Hillbilly22 just stands there, with a dismal cast to his face, he had completely, throughly and without a doubt, stuck his little Huskie in that wretched Pine. A feeble attempt to extract the saw, resulted in creaking sounds from the AV mounts. Hillbilly22 swallowed his pride, along with a half pound of Redman and hauled off to find help. The first guy he ran across seemed like a nice guy, his name was GASoline71, Gas said "sure little fella, we'll give it a try". Back at the wretched Pine, they found that Chipmonks had left their opinion of the procedings, in the form of small pellets and a decapitated starter rope. GASoline71 laughed so hard, he lost one of the last remaining buttons on his overhauls. "well" says Gas, "not a problem, nope, no big deal, we'll having you sawing twigs again in a jiffy" With that GASoline71 drags up a big old Homelite, so old, so worn, you had to squint just right to make out the tag numbers. With his total enthusiasium, GASoline71 got right to it, 20 to 25 pulls later, the old red saw responds with a brain buzzing, ear killing blast of noise and smoke. Commencing on the job at hand, GASoline71 hoists 35 pounds of ancient mankiller to the tree, breaking wind with the effort involved. Soon the chips were falling, like butterflies after orchard spraying, the Homelite gnawed slowly through the wretched Pine, Hillbilly22's hopes were high. Then, spray of bright orange sparks were emitted on the far side, GASoline71 seeing Hillbilly22's mouth fly open, just winked, gave him a sideways grin and said "All normal mange, everything is just fine". More sparks, with a tooth crackin', grating sound, the top of the Pine tumbles from the stump, the Husky is free, but not unscathed. Hillbilly22, looks at what is left of his saw, the Homelite had chawed through most of the bar, some of the muffler and left a jagged notch on the top handle. "No need to thank me, I'm glad I could help" GASoline71 strides away, leaving a trail of Payday wrappers and Dr. Pepper cans in his wake.


----------



## GASoline71 (Nov 19, 2010)

*“For Chrissake Marsh… why don’t you hit the wedges with your purse?” Jack bellowed over the sound of the big McCulloch. “Hit the damn wedges!!!” 

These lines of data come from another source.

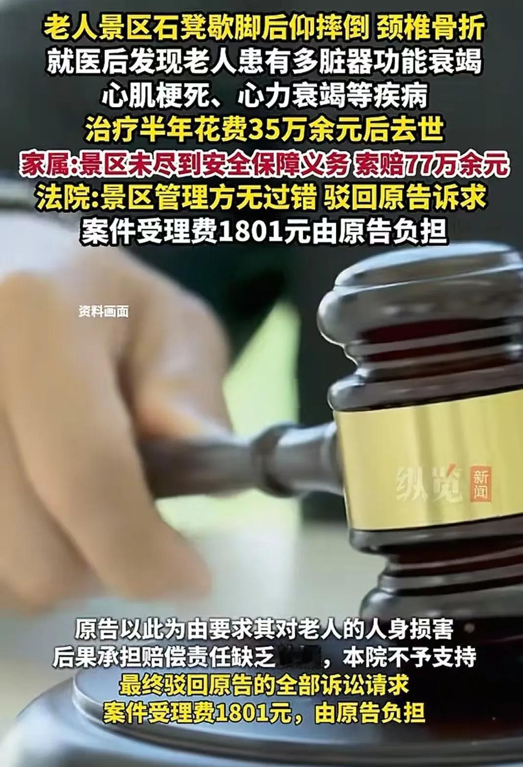 这次法院太给力了!七旬老人在家人陪同下,去西湖某景区游玩,在石凳上休息时突然后仰摔倒,最终不幸离世。面对这场令人心碎的悲剧,家属索赔77万,法院的判决却让人拍手叫好——不仅彰显了法律的温度,更传递出社会对弱势群体的关怀与责任。 你是否曾在旅游景点感受到那份“安全第一”的责任?每一块石头、每一张座椅,是否都经过了严格的安全检测?这次判决的背后,是对景区管理者的警示,也是对所有公共场所的提醒:责任不可推卸,安全无小事。法院的判决不仅仅是对逝者的追思,更是对未来的警醒,让景区管理者从“疏忽”中汲取教训,落实每一项安全措施。 更值得一提的是,这份判决折射出一个社会的良知——法律不是冷冰冰的条文,而是维护正义、守护生命的坚实盾牌。网友们纷纷点赞:“如果全国的法官都能像这次一样认真、负责,法治的光辉一定会照亮每一个角落。”这句话道出了许多人的心声:只有法治真正落到实处,弱势群体才能多一份保障,社会才能多一份温暖。 但也有人开始反思:我们是不是在无形中忽略了安全教育和公共责任?景区管理者是否真的尽到职责?这场悲剧,像一面镜子,映照出我们每个人的责任感。作为游客,我们是否也应当多一份警惕和自我保护意识?作为管理者,是否应当用心守护每一位游客的安全?这是每个人都应深思的问题。 这起案件的判决,激起了社会广泛的讨论,也让我们看到了法律的力量和责任的重量。它告诉我们,生命无价,责任重于泰山。我们期待更多像这样的判决,让法律成为保护弱者的坚强后盾,让每个人都能在安全中享受生活的美好。 在这个快节奏的时代,或许我们都需要停下来,思考一下:我们能为这个社会做些什么?也许,点滴的责任感和安全意识,就能汇聚成一股温暖的力量,推动社会的进步。让我们共同期待,未来的每一个角落,都能多一份安全与关爱,让悲剧不再重演,让正义的光芒照亮每一个角落。西湖老人 安全
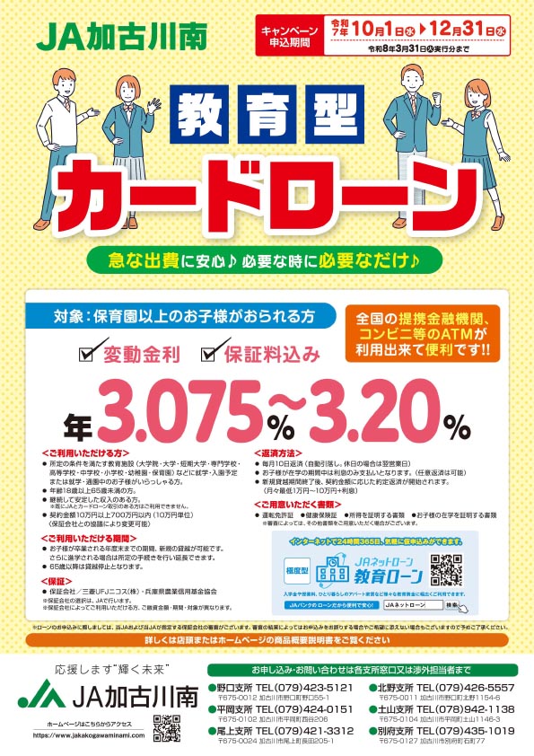 いざという時の出費も安心!カードローン型教育ローン受付中!
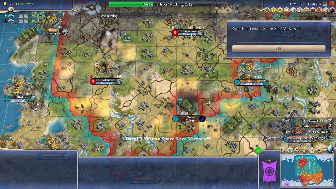 Thus the main significance of Mehmed's intervention was to send Tokugawa into the Wildcard game. (That and ticking the war declaration counter from 10 up to 11, disappointing all of us who had predicted an even ten wars!) Pacal was likely about a dozen turns away from triggering a Domination victory instead, and he would have gotten a lot closer if he finished off the huge pocket of Japanese culture clinging to life in the north. Pacal looked like a complete runaway performer according to the scoreboard, and he was a runaway indeed when it came to technological research. He had not been nearly so far ahead just two dozen turns earlier though before capturing most of Japan and all of the Ottoman border cities. Pacal's strong position had been masked for most of the game before exploding into action (quite literally) during the closing turns of the game.

“I’m givin’ it everything I’ve got!” Marsh hollered back.

The geardrive came to an idle as Jack paused to check his gun. Marsh stopped pounding wedges as well. He stooped over and rested with his hands on his knees. The White Ox gloves were wet with sweat. He thought to himself, why in the hell he was blessed with so many sweat glands on his lower arms and wrists? Makes grippin’ an axe damn near impossible in this heat. Sweat was dripping off his nose as well. Every so often a drop would hit his lip. “Yuck, salty water.” He said out loud.

“What?” Said Jack.

“Nothin’” was Marsh’s retort.

Jack pulled the pack of Pall Mall’s from his shirt and lit one up. He made a gesture towards Marsh with the pack. “No thanks,” Marsh said, “After this ##### is on the ground.”

Jack eyeballed the progress with the wedges. He knew Marsh was poundin’ the livin’ hell out of them. For cryin’ out loud, the man was damn near beat from the 90 degree heat, and a lot of axe swingin’. “Ya know Marsh; we should have set the ####in’ jacks before we even tried to wedge this mother.”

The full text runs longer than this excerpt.